Overpayments and underpayments may also be necessary throughout the term of the loan. Buy-to-let investors may find that they require such flexibility and if so they should seek to remortgage to a product that offers such options.
Finally, before switching to a new lender, investors should contact their current lender with the details of the product they are considering remortgaging to in order to find out if the current lender will match the offer. This could save the property investor both time and money. Lenders are often receptive to such propositions in order to retain the business of a good client.
The constantly evolving buy-to-let mortgage market has been contributing to the increase in demand for investment properties ever since buy-to-let investing became a mainstream form of investing. Ever since buy-to-let mortgages were first introduced to the UK in the mid-1990s, demand for private rental properties has increased considerably.
Many people consider investing in property as a means of funding their retirement. By investing in property people may not have to rely on underperforming pensions and equity based investments to provide for their later years. There is substantial proof that investing in property is more than just a hobby, with more than half of all landlords owning more than one buy-to-let property.
The growth of the investment property market owes a lot to the evolution of the buy-to-let mortgage market. In 1996 there were only a few lenders offing buy-to-let mortgage products that would allow would-be landlords to invest in the local property market. Since then dozens of specialist lenders have released buy-to-let mortgage products ensuring that modern-day investors have plenty of choice. This has helped many investors to grow their portfolios from small-scale operations to large, multi-million pound empires.
Without the availability of accessible buy-to-let mortgage products it would be virtually impossible for many landlords to achieve such levels of success. The majority of all residential investment property in the UK is financed primarily with a mortgage and a cash deposit. The mortgage normally provides the majority of the total funds required to purchase the investment property. Without the availability of such finance, the buy-to-let industry would not have boomed.
In more recent years overseas finance companies have also entered the UK buy-to-let mortgage market which has lead to an unprecedented level of choice. This has helped to reduce costs such as application fees and interest rates ensuring that more people than ever can invest in property. Local lenders now have to compete with overseas lenders and the increased competition has resulted in more competitive products for consumers.
Buy-to-let mortgages are also available to UK residents for buying overseas property. Parts of Europe ? such as Spain, Italy, and France ? as well as Florida, Australia, and the Caribbean have become popular with UK based buy-to-let investors in recent years. This trend becomes stronger when the local UK market experiences a downturn.
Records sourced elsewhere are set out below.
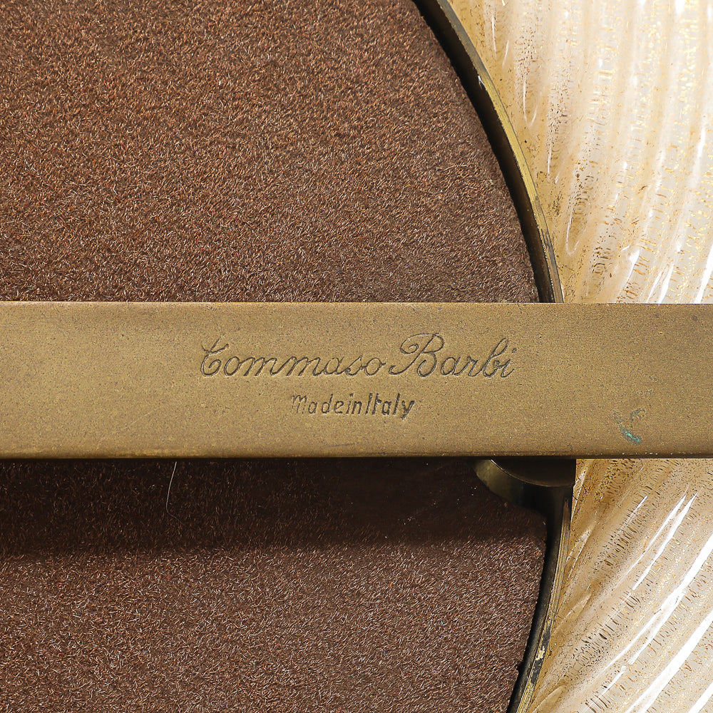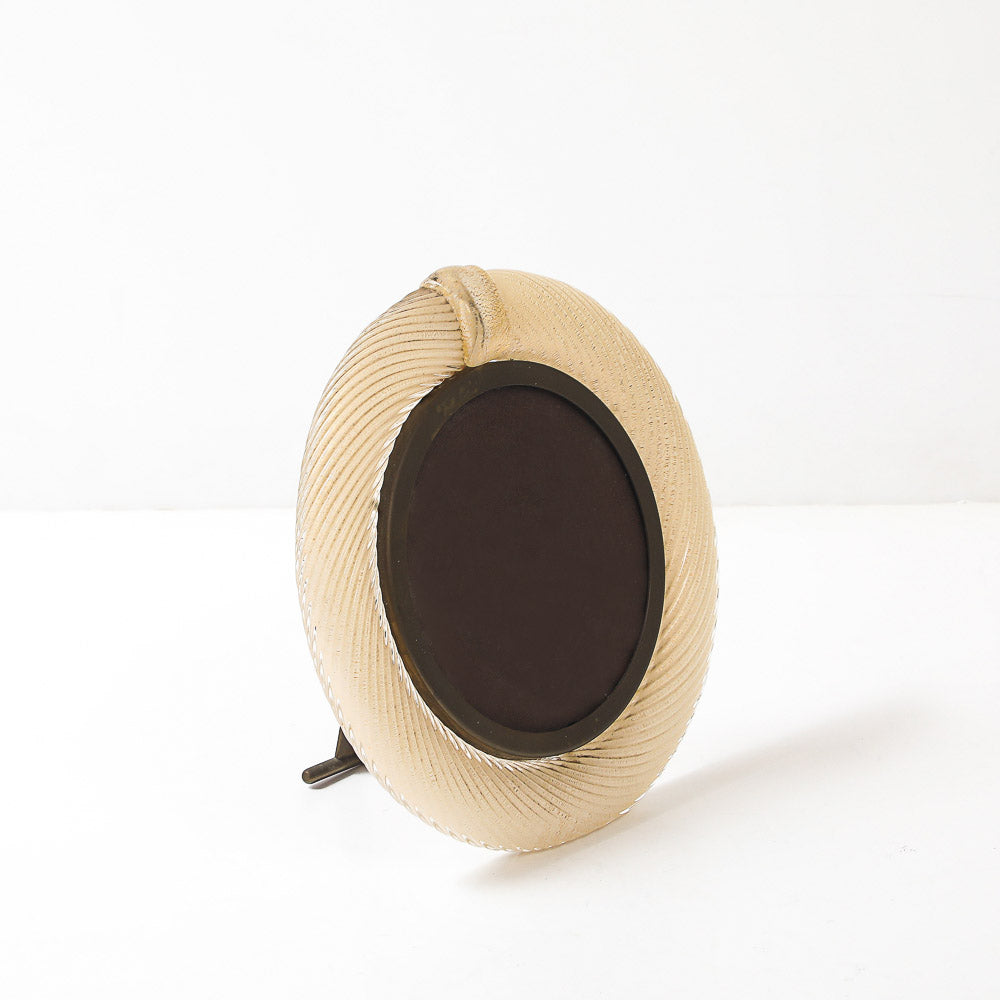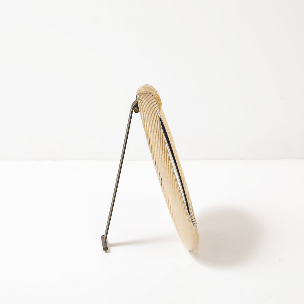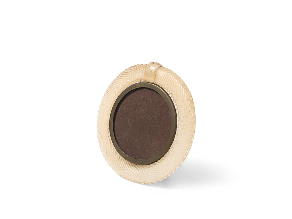Italy | c. 1976 Blown glass, brass, velvet covered board. Elegant bullnose frame of clear, ribbed glass with internal gold flecks. Brass mounts and retractable foot. Artist-signed on foot.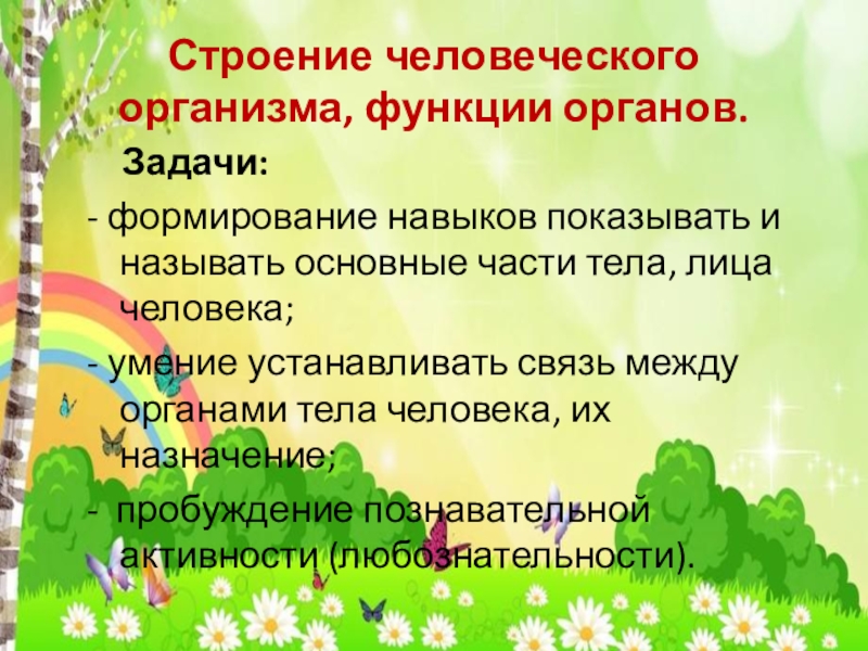 Строение человеческого организма, функции органов.  Задачи:- формирование навыков показывать и называть основные части тела, лица человека;-
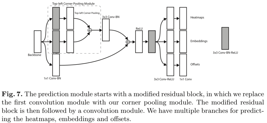骨干网络使用hourglass网络,其后是两个预测模块,一个负责预测左上角,一个负责预测右下角。每个模块内都有自己的corner pooling层,池化之后预测热图,嵌入向量和偏移。CornerNet仅适用最后一层进行预测,没有使用不同尺寸的feature map来预测不同大小的目标。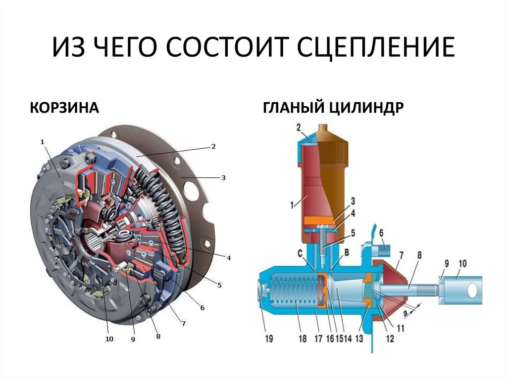 главный и рабочий цилиндр. При нажатии на педаль сцепления (кнопка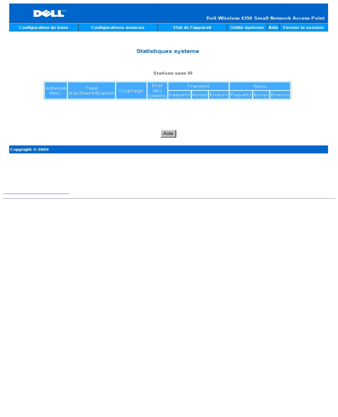 La table des statistiques du système affiche des informations de diagnostic sur toutes les stations sans fil actuellement connectées au
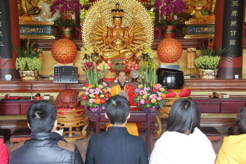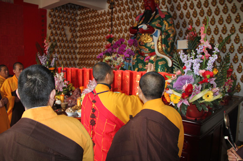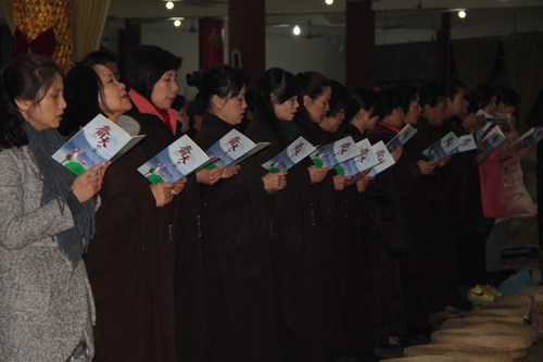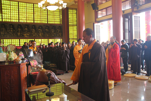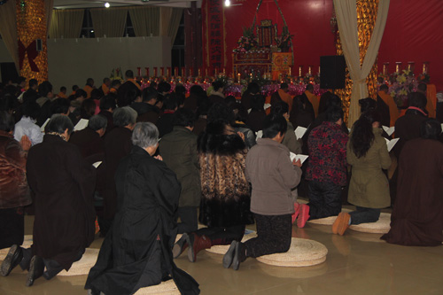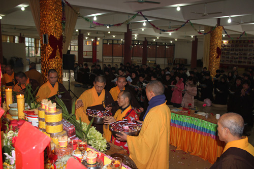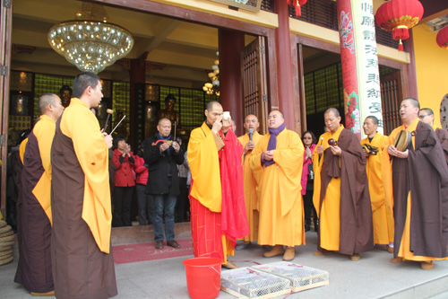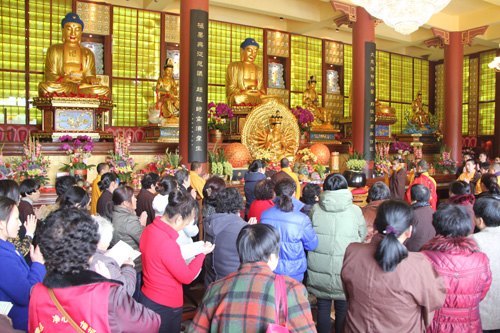 11日凌晨5时30分,于弘法讲堂内举行了清净庄严的岁首斋天法会,斋场四众云集,香支缭绕,忠明法师主法,领众拈香、洒净、齐诵《斋天科仪》及宣读祈福疏文,恭迎诸天降临,护国安邦,消灾除难。中午11时万佛宝忏结束后,大众于大雄宝殿内上药师圆满供、放生及皈依,将此十二天礼拜万佛洪名宝忏的清净功德回向与十方法界,令国土风调雨顺、与会善信合家安康、马年吉祥!

During such times avid property investors who are hungry for new properties to add to their portfolios simply look to foreign markets to satisfy their needs.
Buy-to-let mortgage products have also become more sophisticated with some products starting to offer equity release facilities. Investors can release equity to either fund their retirement or to buy more property. The growing sophistication and accessibility of buy-to-let mortgage products for both UK and overseas property has helped demand for property investment grow steadily over the years and should continue to do so in the future. Despite some periods of turmoil property is regarded as a secure and long term investment that should stand the test of time provided the right properties are purchased with the best buy-to-let mortgages that are available.